Just like eBay opened up PayPal last year for third-party developers to integrate payments into their products, X.commerce is the next step: a deeper integration of all the assets eBay has been acquiring over the past year.

“We want it to be easy,” he said to the developer-heavy audience, “not a loose connections of assets that you have to work to get. We want you to come to one place to get the platforms and services.”

The subsequent session dug deeper into all the pieces of this platform (more in a follow-up post). But generally speaking, it gives developers a pretty broad toolset to build commerce capabilities for retailers. That includes big brands and mom and pops, and it importantly includes both online and offline.

“Almost half of retail transactions have accessed the Web at some point in the funnel,” he asserted. “Now consumers have the mall in their pocket. They expect shopping to be brought to them. It’s no longer a severed activity; it’s being woven into their everyday lives.”

They’re converging, no longer with e-commerce as a slice of U.S. retail, he says. It will be an $8 trillion overall pie by 2015 and eBay’s goal is to have it collectively known simply as “commerce” by then. All the pieces of the X.commerce platform collectively work toward that end.

And the glue that brings it together is mobile, he asserted, invoking the acquisitions of RedLaser, Milo and Where as key assets to tie together mobile user engagement and, ultimately, commerce. So far, its mobile apps have been downloaded more than 50 million times. And it will do $5 billion in gross merchandise value and $3 billion in payments volume this year.

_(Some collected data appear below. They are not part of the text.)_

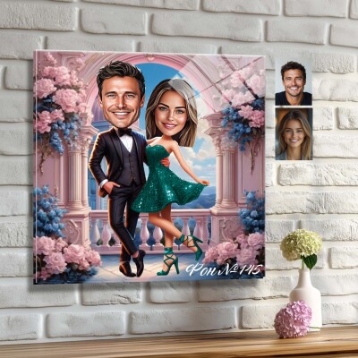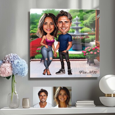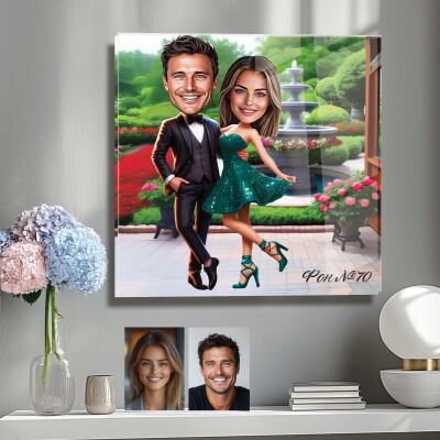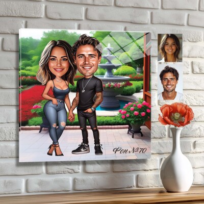 Стъклена карикатура Двойка - Романтична разходка
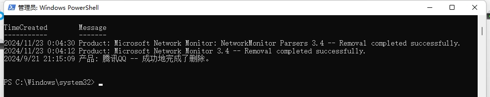 Get-WinEvent -FilterHashtable @{LogName="Application";ID=11724;ProviderName='MsiInstaller'} | Select TimeCreated,Message
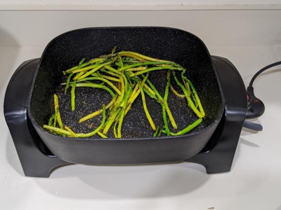 [This review was collected as part of a promotion.] This electric skillet has been a game changer for my dinner routine. I am a stay at home mom and I cook dinner at home 7 days a week. This appliance has made meal time with my picky and inpatient toddler SO much easier. The first thing that I cooked in this skillet was scrambled eggs and it was a dream. Before ordering this electric skillet I would waste so much time cleaning my cookware that is supposed to be non-stick. I would have to scrub and soak all of my pans after each and every meal. It only takes me a couple of minutes to wipe out this electric skillet and I get to spend the rest of the evening with my family. I have also made asparagus and several one pot dinners. I love absolutely everything about this electric skillet and I wish that I would have ordered it sooner. If you are looking to make meal time easier you need this in your kitchen!
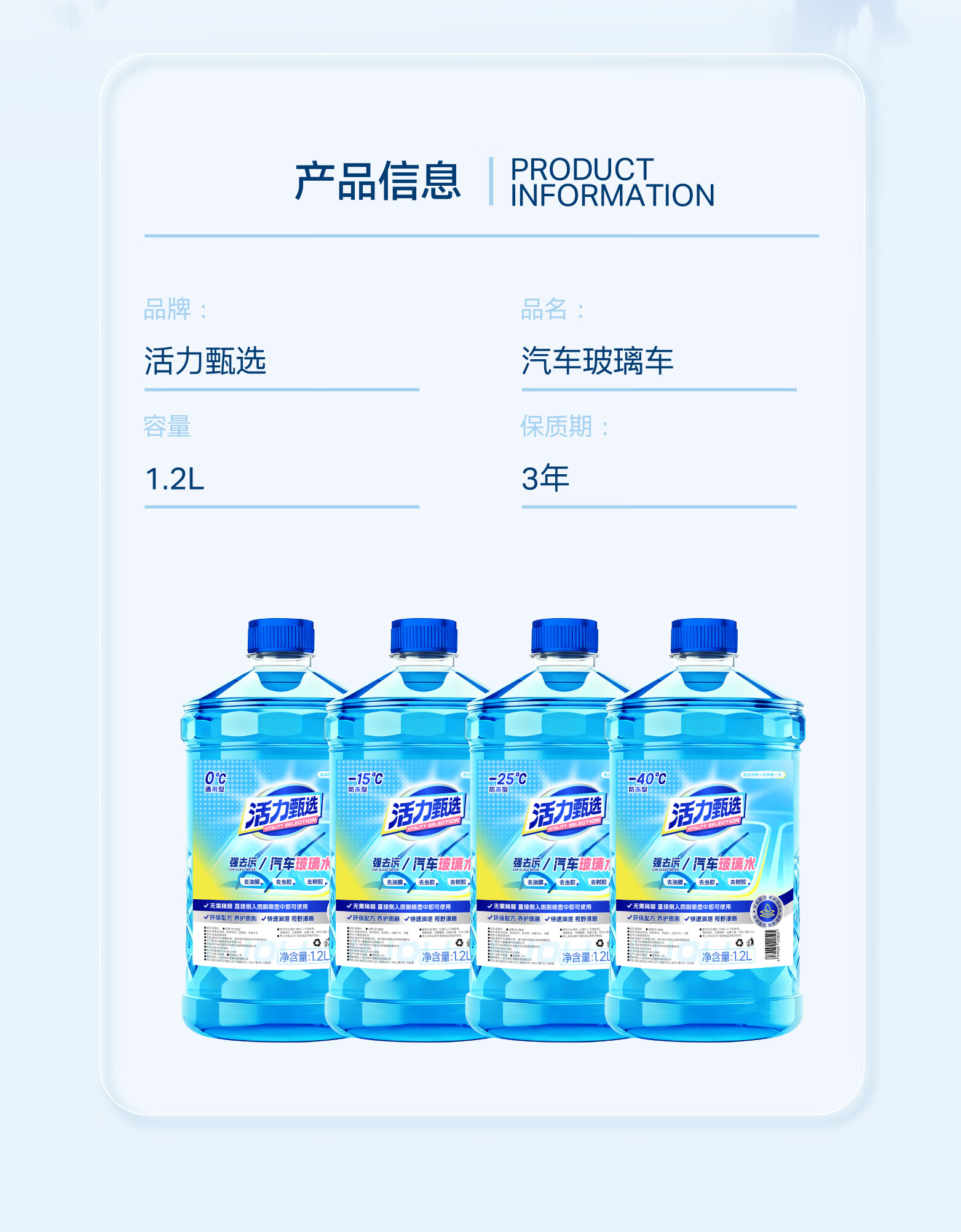 活力甄选 VITALITY SELECTION汽车玻璃水雨刮水去污去油膜-40°防冻挡风玻璃清洗剂四季通用28 0℃1.2L4大瓶 强力去污型
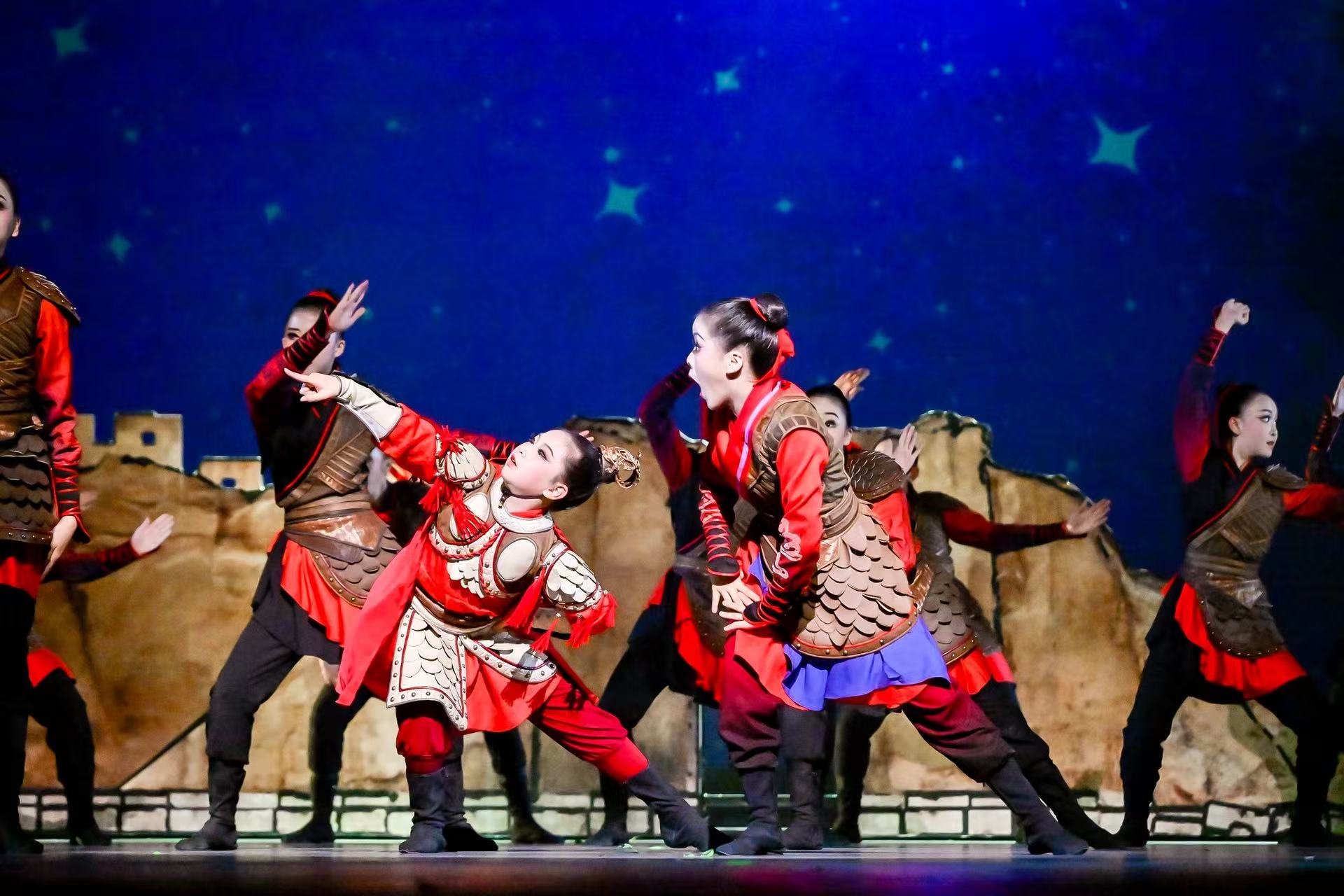 庆典展示的核心亮点是原创舞剧《花木兰》的专场演出,以艺术演绎的形式升华育人内涵。剧中学生“牟兰兰”穿越千年化身木兰,历经军营淬炼、战场救险,终完成精神蜕变。该剧前后经过七年的磨砺、创新,成为了生动的思政课堂。

As we’ve argued, this is eBay’s master plan to close the loop. There are many pieces that will reach users at various stages. X.commerce is the one-stop shop for developers to layer in those pieces that apply to whatever they’re building. And in the overall vision, eBay certainly isn’t alone: Google’s doing it with Wallet, and this will be THE theme of our ILM West conference.

“There’s enormous acceleration in the pace of change,” said Donahoe. “We’ll see more change in the way consumers shop and pay during the next three years than we’ve seen in the last 15.”